The high level and complexity of domestic injuries are associated with an increase in the number of road injuries and the use of modern mechanisms in domestic conditions, non-compliance with safety rules. Modern injuries have a poly structured character, which causes their severe con­se­quences and difficulties in the different stages of rehabilitation. In this regard, in the process of rehabilitation, special attention is given to the issue of individually oriented rehabilitation services, since at present plans for rehabilitation therapy are very limited to the interests of patients themselves, which directly affects the quality of treatment.

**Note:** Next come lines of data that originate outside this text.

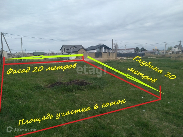 Земельный участок ровный, правильной прямоугольной формы 6 соток, фасад 20 метров, глубина 30 метров.
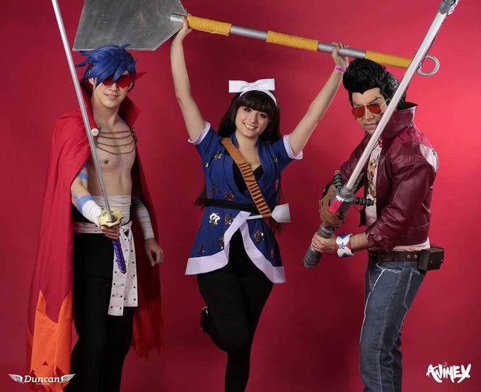 A CRAZY crossover with Travis Touchdown just as crazy as the new No More Heroes 3! The game took so long to come out cause Travis was going to cons all this time #kamina #kaminacosplay #ttgl #GurrenLagann #travistouchdown #nmh3 #cosplay #anime #gaming #switch #suda51
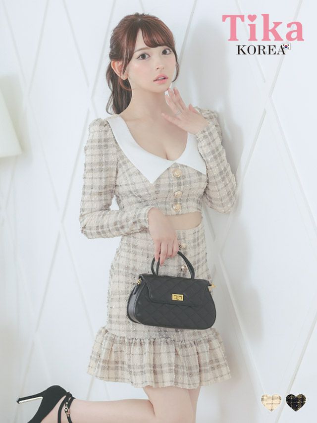 男ウケもしっかり狙えるガーリードレス♪ [韓国ドレス] ワンピース 長袖 襟付き 裾フリル ガーリー チェック柄 Aラインミニ キャバドレス (黒崎みさ着用) [tk-mdk867b]

In order to solve the problem, it is necessary to take into account the set of restrictions imposed on the process — the need to consolidate schedules of the medical equipment usage, the availability of qualified medical personnel for each specific procedure at a certain time, the availability of off-the-shelf equipment, etc.

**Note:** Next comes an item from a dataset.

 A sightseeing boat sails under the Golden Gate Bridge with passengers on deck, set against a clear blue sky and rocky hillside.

In fact, to solve this problem, it is necessary to construct a full functioning schedule of the medical institution, which is superimposed on the set of hard restrictions — the conditions that must necessarily be fulfilled to ensure the correctness of the schedule, and soft re­quirements — the implementation of which is desirable — the actual interests of patients. The following methods are used to solve the problem of constructing a schedule for medical institutions: full selection, method of branches and boundaries, logical programming with constraints, graph coloring, simulated annealing, simulation modeling, genetic algorithm, etc.

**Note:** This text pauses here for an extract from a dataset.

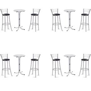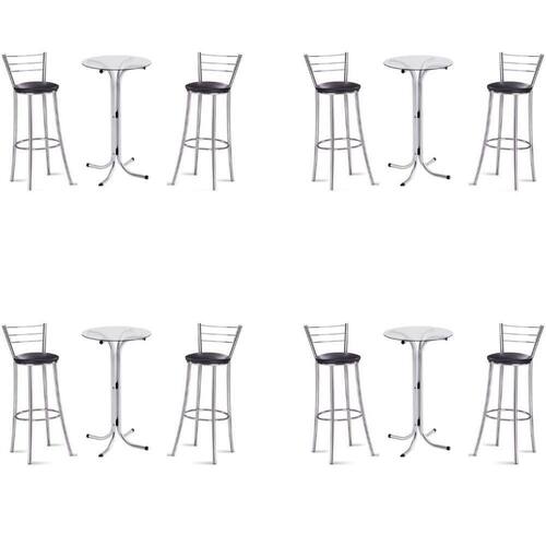 Kit 4 Bistros Com 4 Banquetas Cromadas-gatmagazine O conjunto Bistrô com banquetas GatMagazine além de bonito e charmoso traz harmonia para o seu ambiente!O Bistrô e a banqueta são feitos em aço cromado que traz mais resistência ao produto,O tampo do Bistrô é em vidro de 6mm com 60 centimetros de diamêtro.O produto é próprio para cozinhas,sala de jantar ou espaços gourmet. Marca: NOVA DECOR

Regarding other methods, genetic algorithms have several advantages, such as: simultaneous use of several points of the search space, the use of probabilistic and deterministic rules for the transition between solutions, the absence of the need to use an external extra data and operations. Therefore, it has been suggested to use genetic algorithms to solve the problem of multi-criteria optimization of rehabilitation therapy plans. To assess the progress of optimization, a mechanism for evaluating alternatives generated during the work of evolution operators has been constructed. A fuzzy logic controller, the T-Controller, has several advantages over classical methods: high ac­cu­racy of computations, zero methodological error, high speed of operation.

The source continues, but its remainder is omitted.